Meeting my grandparents for the first time was undoubtedly the highlight of my experiences. In the small town of Tay Ninh, northwest of Ho Chi Minh City, I arrived with tears of joy seeing my mom's parents waiting patiently for my arrival. I couldn't explain in words how I felt. Neither could they. Our language barrier kept us distant, but their love kept me close. I realized that the importance of family and relationships seem to get lost in the career-building, money-making lives of so many Americans. My mom knew it was because of me that her parents battled through their long-term bouts with cancer. They wanted to stay alive long enough to see their grandson.
Still, I could feel the heartbreak of my parents. Although our reunion was special, being in Vietnam for them was a swirl of emotions.

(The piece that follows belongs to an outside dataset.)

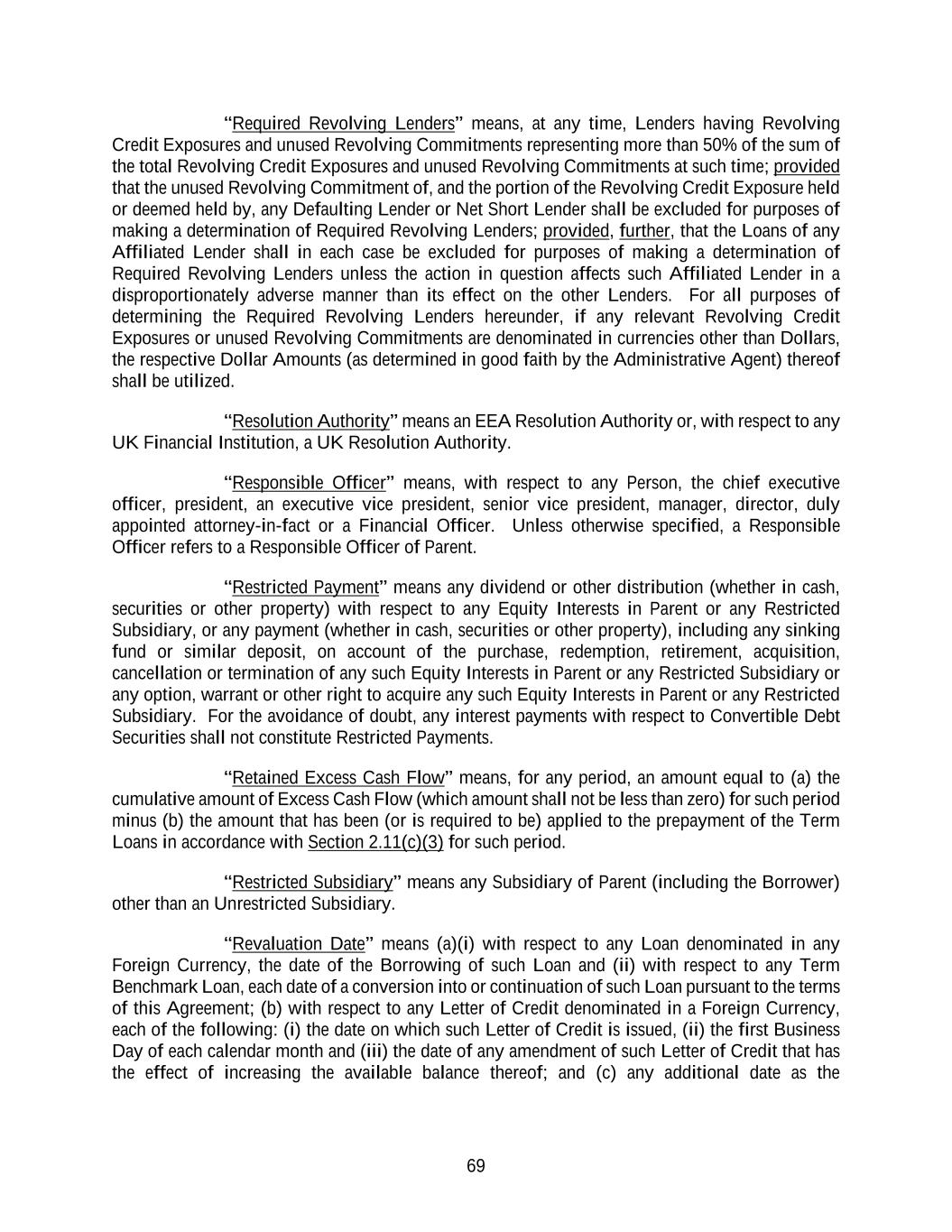 69 “Required Revolving Lenders” means, at any time, Lenders having Revolving Credit Exposures and unused Revolving Commitments representing more than 50% of the sum of the total Revolving Credit Exposures and unused Revolving Commitments at such time; provided that the unused Revolving Commitment of, and the portion of the Revolving Credit Exposure held or deemed held by, any Defaulting Lender or Net Short Lender shall be excluded for purposes of making a determination of Required Revolving Lenders; provided, further, that the Loans of any Affiliated Lender shall in each case be excluded for purposes of making a determination of Required Revolving Lenders unless the action in question affects such Affiliated Lender in a disproportionately adverse manner than its effect on the other Lenders. For all purposes of determining the Required Revolving Lenders hereunder, if any relevant Revolving Credit Exposures or unused Revolving Commitments are denominated in currencies other than Dollars, the respective Dollar Amounts (as determined in good faith by the Administrative Agent) thereof shall be utilized. “Resolution Authority” means an EEA Resolution Authority or, with respect to any UK Financial Institution, a UK Resolution Authority. “Responsible Officer” means, with respect to any Person, the chief executive officer, president, an executive vice president, senior vice president, manager, director, duly appointed attorney-in-fact or a Financial Officer. Unless otherwise specified, a Responsible Officer refers to a Responsible Officer of Parent. “Restricted Payment” means any dividend or other distribution (whether in cash, securities or other property) with respect to any Equity Interests in Parent or any Restricted Subsidiary, or any payment (whether in cash, securities or other property), including any sinking fund or similar deposit, on account of the purchase, redemption, retirement, acquisition, cancellation or termination of any such Equity Interests in Parent or any Restricted Subsidiary or any option, warrant or other right to acquire any such Equity Interests in Parent or any Restricted Subsidiary. For the avoidance of doubt, any interest payments with respect to Convertible Debt Securities shall not constitute Restricted Payments. “Retained Excess Cash Flow” means, for any period, an amount equal to (a) the cumulative amount of Excess Cash Flow (which amount shall not be less than zero) for such period minus (b) the amount that has been (or is required to be) applied to the prepayment of the Term Loans in accordance with Section 2.11(c)(3) for such period. “Restricted Subsidiary” means any Subsidiary of Parent (including the Borrower) other than an Unrestricted Subsidiary. “Revaluation Date” means (a)(i) with respect to any Loan denominated in any Foreign Currency, the date of the Borrowing of such Loan and (ii) with respect to any Term Benchmark Loan, each date of a conversion into or continuation of such Loan pursuant to the terms of this Agreement; (b) with respect to any Letter of Credit denominated in a Foreign Currency, each of the following: (i) the date on which such Letter of Credit is issued, (ii) the first Business Day of each calendar month and (iii) the date of any amendment of such Letter of Credit that has the effect of increasing the available balance thereof; and (c) any additional date as the

My mom missed her family. I thought about how much strength it took for her to leave her parents knowing she would rarely ever see them again. After all, her father, a commander in the South Vietnamese army, barely survived eight years in a so-called "re-education camp" after the South fell. But Vietnam was their home and they couldn't leave.
My dad, a man of few words, was even harder to figure out. This was his first time back since leaving for Southern Illinois University (where he met my mom). I joked about finally meeting the in-laws more than 30 years later, but it wasn't the meeting that scared him the most.
He felt more and more alienated from his homeland. The places where he played as a kid had disappeared. Even Vung Tau, his hometown, was slowly developing into a resort town. In other ways, Vietnam had stayed the same. The symbols of war, of communism made him wince: The red flag (of communism) with the yellow star "of the people," the pictures of "Uncle Ho." I wanted to tear apart the red and yellow flag T-shirts my shipmates bought and wore happily. A souvenir to my friends was a horrible reminder to my parents.
But it was the corruption of the police that sent my dad packing in disgust. During his entire visit in Vietnam, the police monitored him. Phone calls in the middle of the night demanded that he report to the station in the morning for no apparent reason. The U.S. embassy could not even stop the police from trying to track him down and throw him in prison, all because "we want to see his face." There was no judicial system, no fair trial. The police could do what they pleased with him. Bribery was the judge.
Vietnam welcomed tourists with open arms, as long as they weren't Vietnamese influenced with Western ideas. My dad left on a stand-by flight to Korea a week before he had planned. He had had enough. He knew he could never return. He knew the police would think he had something to hide.
"Dad, don't you ever want to come back?" I asked.
"David, times have changed," my dad replied. "I don't belong any more. I have seen enough. Vietnam is your heritage, but America is your home. Be proud of both."
As I left Vietnam, I was proud to be both. And I was proud to be different.